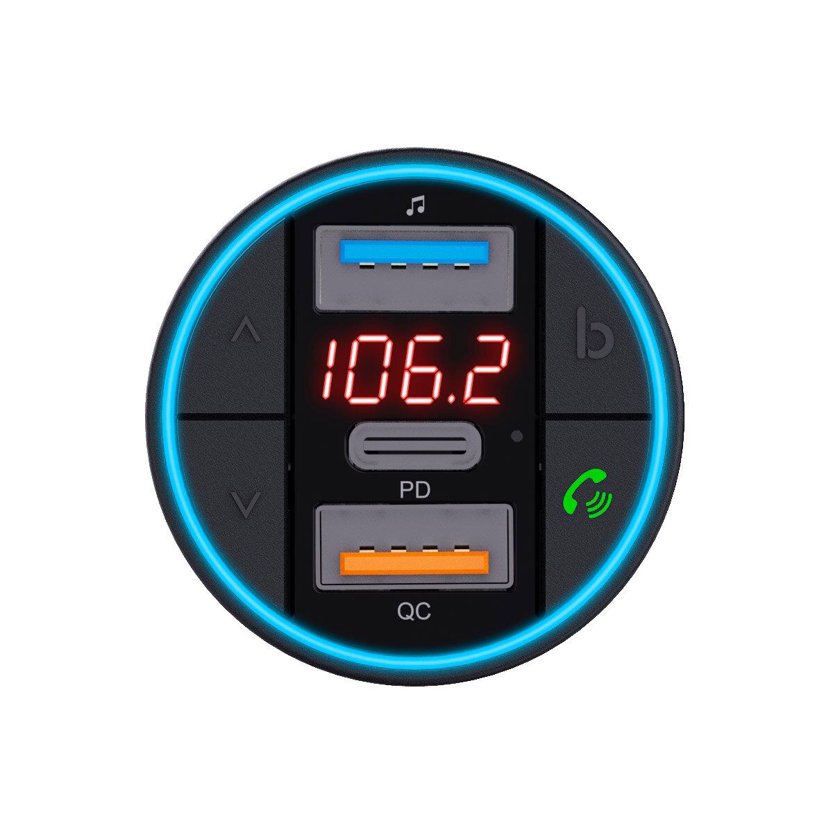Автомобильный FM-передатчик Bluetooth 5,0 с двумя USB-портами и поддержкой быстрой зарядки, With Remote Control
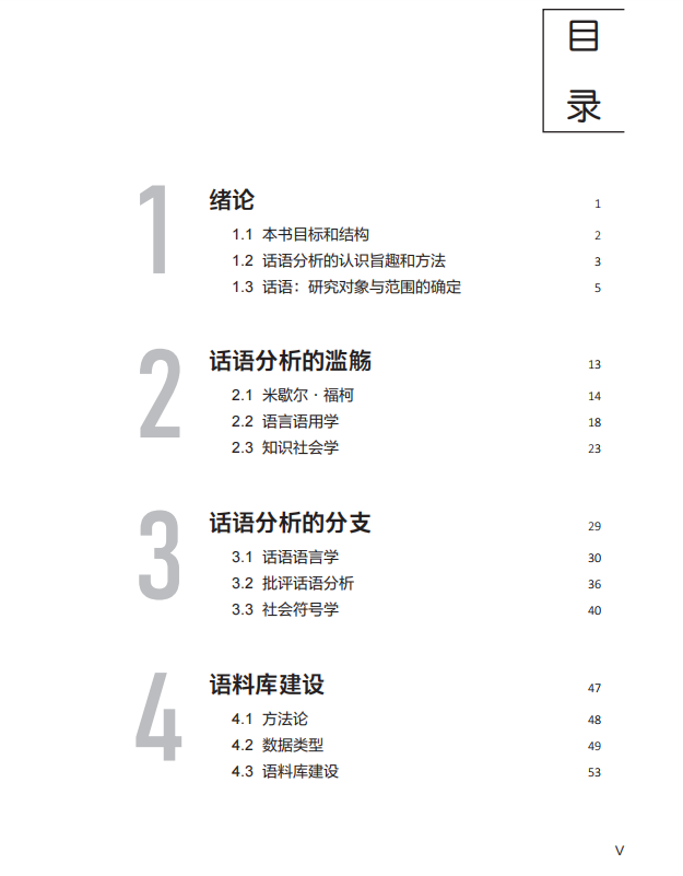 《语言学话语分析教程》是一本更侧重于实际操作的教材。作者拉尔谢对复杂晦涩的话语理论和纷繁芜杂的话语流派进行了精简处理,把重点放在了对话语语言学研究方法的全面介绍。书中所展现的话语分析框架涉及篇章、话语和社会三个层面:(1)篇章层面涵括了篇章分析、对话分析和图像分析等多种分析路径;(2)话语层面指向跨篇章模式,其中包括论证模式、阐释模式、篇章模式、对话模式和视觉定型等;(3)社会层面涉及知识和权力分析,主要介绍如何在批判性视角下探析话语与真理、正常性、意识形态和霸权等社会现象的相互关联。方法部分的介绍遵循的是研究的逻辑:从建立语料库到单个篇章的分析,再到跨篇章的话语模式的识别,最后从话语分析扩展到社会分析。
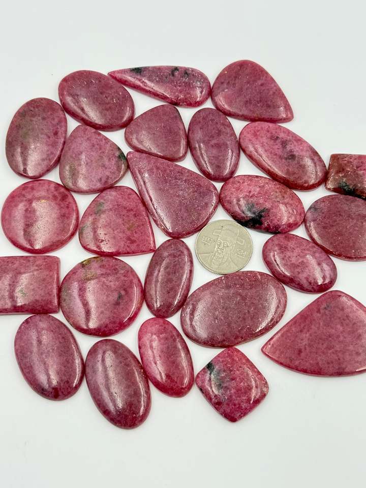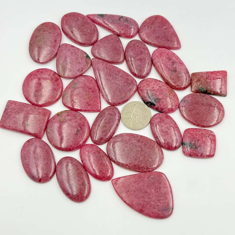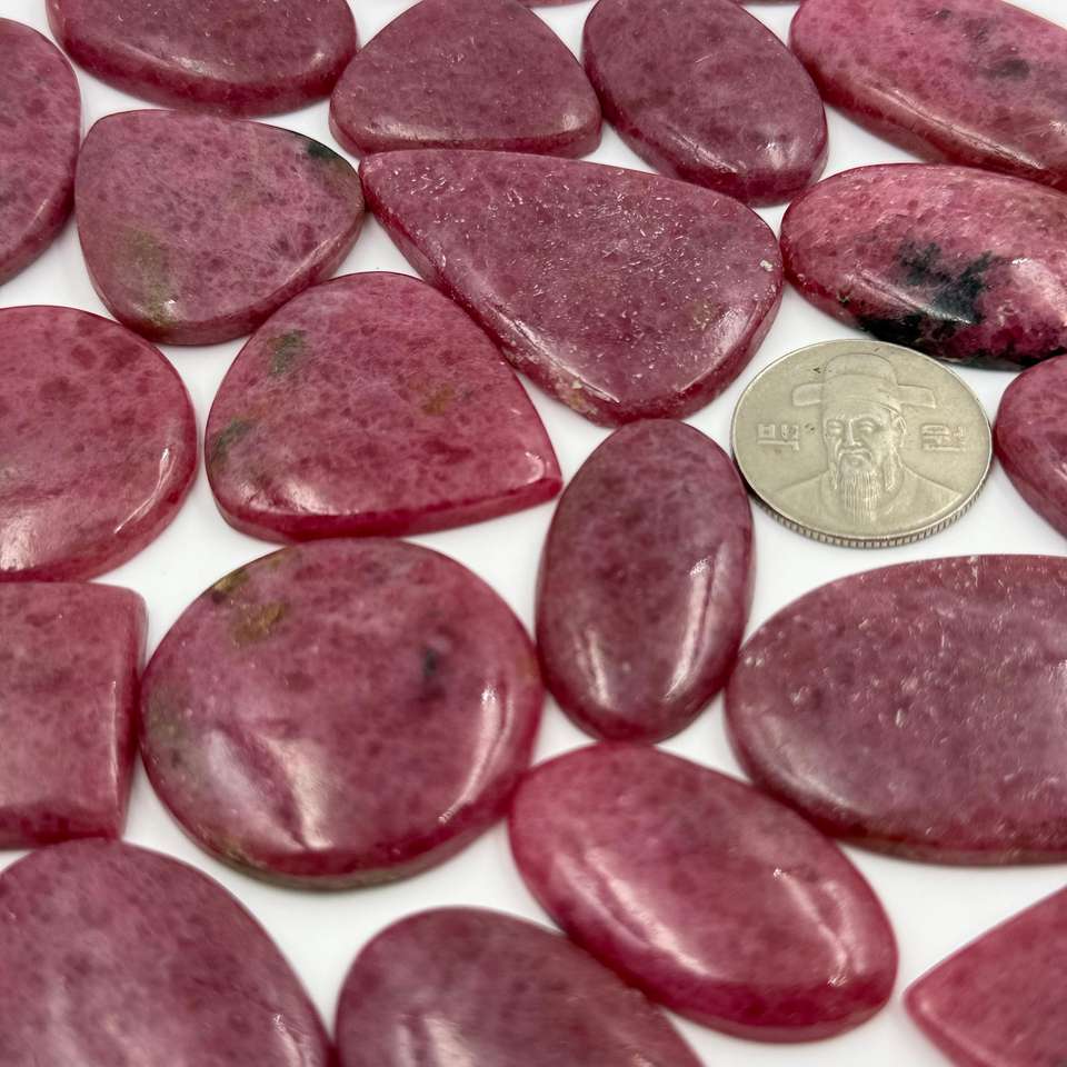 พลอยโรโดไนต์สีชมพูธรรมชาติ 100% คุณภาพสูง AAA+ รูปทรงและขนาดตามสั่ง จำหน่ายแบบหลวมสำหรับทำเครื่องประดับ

==

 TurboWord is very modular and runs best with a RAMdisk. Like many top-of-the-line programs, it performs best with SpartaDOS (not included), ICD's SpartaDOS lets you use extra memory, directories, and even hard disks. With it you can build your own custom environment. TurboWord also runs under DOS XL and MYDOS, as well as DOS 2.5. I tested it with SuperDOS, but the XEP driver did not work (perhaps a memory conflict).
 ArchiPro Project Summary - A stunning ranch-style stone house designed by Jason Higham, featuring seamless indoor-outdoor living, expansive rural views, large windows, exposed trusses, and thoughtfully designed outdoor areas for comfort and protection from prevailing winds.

## Task details
In the listing above, find the line with "Автомобильный FM-передатчик Bluetooth" and the line with "พลอยโรโดไนต์สีชมพูธรรมชาติ 100% คุณภาพสูง". Output both, plus every line between them, and no pictures.

## Task response
Автомобильный FM-передатчик Bluetooth 5,0 с двумя USB-портами и поддержкой быстрой зарядки, With Remote Control
 《语言学话语分析教程》是一本更侧重于实际操作的教材。作者拉尔谢对复杂晦涩的话语理论和纷繁芜杂的话语流派进行了精简处理,把重点放在了对话语语言学研究方法的全面介绍。书中所展现的话语分析框架涉及篇章、话语和社会三个层面:(1)篇章层面涵括了篇章分析、对话分析和图像分析等多种分析路径;(2)话语层面指向跨篇章模式,其中包括论证模式、阐释模式、篇章模式、对话模式和视觉定型等;(3)社会层面涉及知识和权力分析,主要介绍如何在批判性视角下探析话语与真理、正常性、意识形态和霸权等社会现象的相互关联。方法部分的介绍遵循的是研究的逻辑:从建立语料库到单个篇章的分析,再到跨篇章的话语模式的识别,最后从话语分析扩展到社会分析。
 พลอยโรโดไนต์สีชมพูธรรมชาติ 100% คุณภาพสูง AAA+ รูปทรงและขนาดตามสั่ง จำหน่ายแบบหลวมสำหรับทำเครื่องประดับ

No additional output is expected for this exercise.